On Tuesday we went for a swim practice together at the official swim location, Chakanaab Park. I'd had three days now of reflecting on my fears and felt totally mentally prepared. We did a running jump off the end of the pier, and swam about half of the course. Stopping briefly every now and then, with Emma checking, bless her, if I was OK. I was totally fine - I just completely focused on my technique and getting a feel for the water. I got a little fright when we swam past an enclosure of dolphins, where the ground below went very dark. Paused for few seconds, caught my breath, and away we went. Before finishing up, I shouted over to Emma, "Hey, could we do a bit where you try and beat up me?", "Sure! Love to!"... and so we mimicked the hussle and tussle of an open water race start; get bashed and keep on going.
On Wednesday I went to the local bike repair shop (Bicicross on 30th Ave), to avoid looking for help or waiting around too much at the official expo. When I say 'bike', it was more for scooters, so my Cervelo P2 was treated with some bemusement and a lot of care. I only knew enough Spanish to ask for the chain and cassette to be cleaned and greased. The facilities might have been basic, but the parts were put back on the bike gleaming and running smooth!
A few weeks ago I was concerned that I hadn't done enough preparation, particularly on the bike. Those thoughts aren't helpful to me now. Since the last attempt, I have another ~15 weeks averaging around 17 hours a week of training under my belt.
I wanted to write this update now, before the race, to empty these thoughts out as separate to whatever happens on race day. I do feel there's unfinished business to take care of; I deeply want to finish this race. I'm grateful to have a lot of wonderful support back home, and from friends dotted around the world, especially when I'm nearly five thousand miles away from home.
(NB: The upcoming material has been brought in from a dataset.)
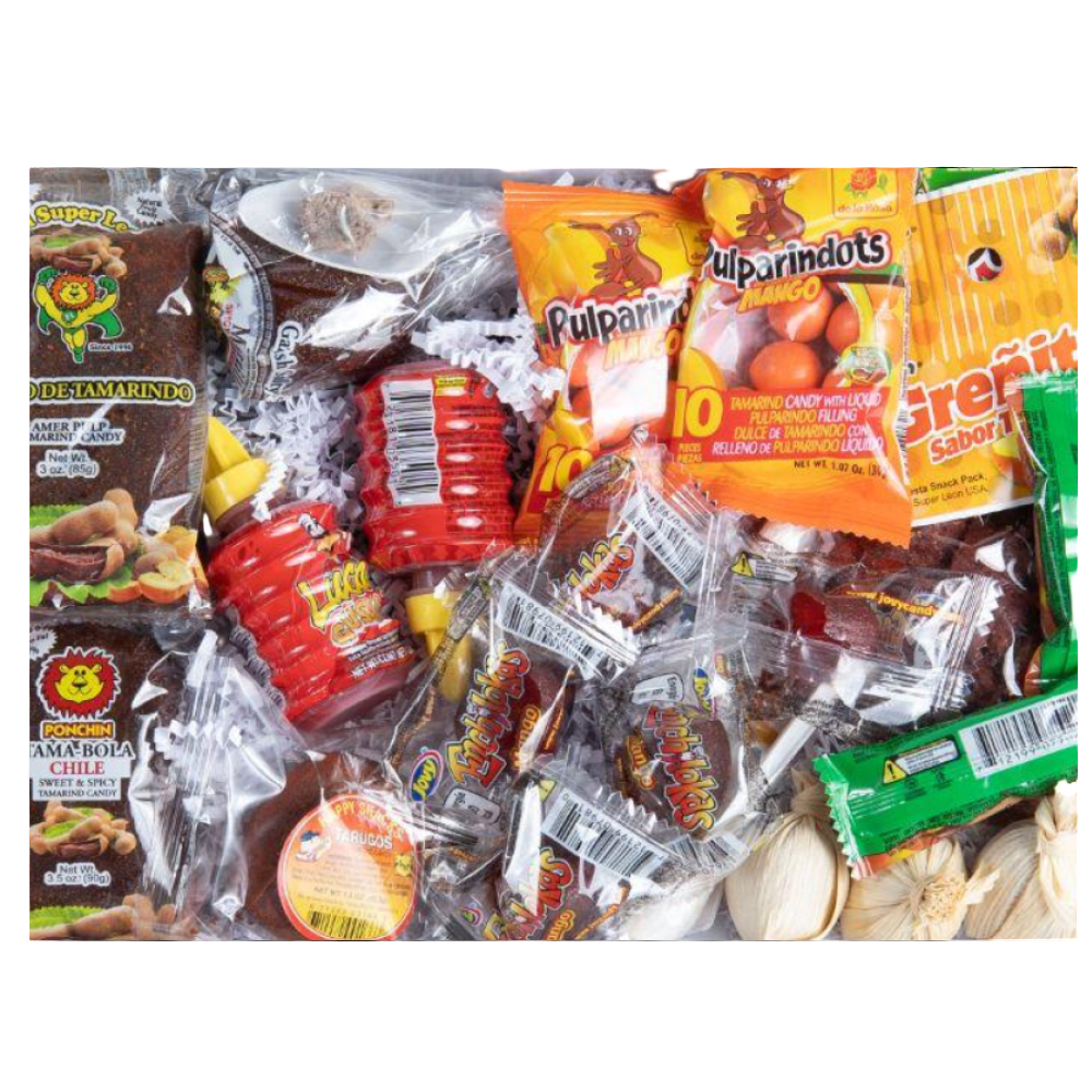 Introducing the "Fiesta Dulce Tower" - a vibrant and tantalizing display of Mexican candy that will ignite your taste buds and transport you to the colorful streets of Mexico City. This towering masterpiece is a celebration of sweet, spicy, and tangy flavors, featuring an assortment of traditional Mexican treats carefully curated to delight every palate.

I have committed myself to the goal of becoming a better athlete, so I see this race as just one day, albeit an important one, on that journey. I am exited about it, because this is the time to put all that hard work into play, to race not just train, to have supporters cheer us on through the long hours and to enjoy totally immersing myself in that experience.
I'm not at a stage where I'm aiming for a specific time and I'm nowhere near hoping for a placement in my age-group. My aim is to have my race and to finish knowing that I gave it everything.
With three days to go now to the race, the physical work is done. I've also been doing my mental preparation homework. I've put pen to paper for:
- Times in training that went really well, so I can remember how that felt if I need to draw on that memory during the race
- Updating 'The List', as JD used to refer to it, with the notable achievements I've made in training and racing so far. Since Switzerland, climbing Mt Ventoux (twice!) goes on The List.
- Things that possibly could go wrong, and how I would deal with them. Talking to experienced athletes has been most helpful with this one.
- All my little goals and processes to follow during each discipline
- A schedule for when I'm going to eat, go to bed and get up for the immediate pre-race days, and race day itself
- Exactly what I'm going to eat and drink during the race, and how often
- What I'm going to wear, and what I'm going to change at each transition (not much)
With the aim that not only is the hard work already done, but all the decisions have been made. I want to wake up and approach the race with a clear mind and focused heart.
I am number 2349. I have done the work. I am ready.